Key Takeaways
- Bitcoin dropped below $67,000 on Thursday as broader markets experienced risk-off sentiment
- U.S. spot Bitcoin ETFs recorded $506 million in net inflows, the highest level in two weeks
- BlackRock acquired approximately 4,309 BTC worth $289.6 million within a single hour
- Nearly 20,000 wallet addresses now hold 100 BTC or more, potentially signaling market strength per Santiment
- Ongoing profit-taking activity continues preventing Bitcoin from reclaiming the $70,000 level
Bitcoin slipped below the $67,000 mark on Thursday, erasing gains from Wednesday’s powerful rally that had lifted the cryptocurrency more than 6%.

The pullback reflected broader market weakness across traditional equities, where even strong earnings from Nvidia failed to support technology stocks. This cautious market sentiment spilled over into speculative asset classes, pulling cryptocurrency prices down.
As of publication, Bitcoin was trading near $66,900, down approximately 1.6% over the preceding 24 hours according to TradingView figures.

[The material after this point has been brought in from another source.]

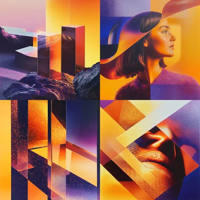 В этом стиле преобладает светящаяся геометрическая абстракция, для которой характерны яркие цветовые палитры и динамичное освещение. Угловатые конструкции и отражающие поверхности создают сюрреалистическое сочетание, часто включающее абстрактные формы и архитектурные мотивы.

Wednesday’s upward momentum originated largely from bargain hunters entering the market after Bitcoin had dropped nearly 50% from its October peak. The rally gained additional fuel from a short squeeze that compelled bearish traders to close their positions.
Data from Coinglass showed that short positions totaling $468.7 million were liquidated during a 24-hour window.
Despite Thursday’s price decline, institutional demand exhibited significant strength. U.S. spot Bitcoin ETFs posted aggregate net inflows of $506.51 million on February 25, representing the most robust daily figure in two weeks, according to SoSoValue statistics.
ETF Demand Reaches Two-Week High
BlackRock’s IBIT led the charge with $297.37 million in net inflows. Fidelity’s FBTC added $30.09 million, while Grayscale’s GBTC recorded $102.49 million. Bitwise’s BITB contributed an additional $39.37 million.
BlackRock completed a major direct purchase on February 26, acquiring approximately 4,309 BTC valued at roughly $289.6 million within just sixty minutes. The operation involved moving assets from Coinbase Prime hot wallets to IBIT custody addresses.
Eric Balchunas, ETF specialist at Bloomberg, noted that the demand surge arrived at a favorable time after weeks of continuous outflows, though he emphasized it’s too early to conclude whether this represents a sustained trend reversal or simply temporary purchasing activity.
Julio Moreno from CryptoQuant noted on X: “Bitcoin spot demand is growing for the first time since late November.”
Large Holder Distribution Suggests Positive Momentum
Data analytics platform Santiment reported that 19,993 separate wallet addresses held 100 BTC or more as of Thursday, coming within seven addresses of reaching the 20,000 threshold.
Santiment described this trend as reflecting “less extreme consolidation,” suggesting Bitcoin is distributing among a wider group of substantial holders rather than concentrating within a narrow elite.
However, Santiment noted that the total supply percentage controlled by this segment remains relatively unchanged, indicating some established holders are continuing to sell. “This is why prices have stayed suppressed,” the analytics provider stated.
On-chain data firm Glassnode noted that profit-taking behavior has stalled every recovery attempt below $70,000 during February.
The Coinmarketcap fear and greed index showed “extreme fear” as of Thursday, unchanged from earlier in the week.
Bitcoin has fallen approximately 24.59% during the past 30 days and remains about 47% beneath its October record high.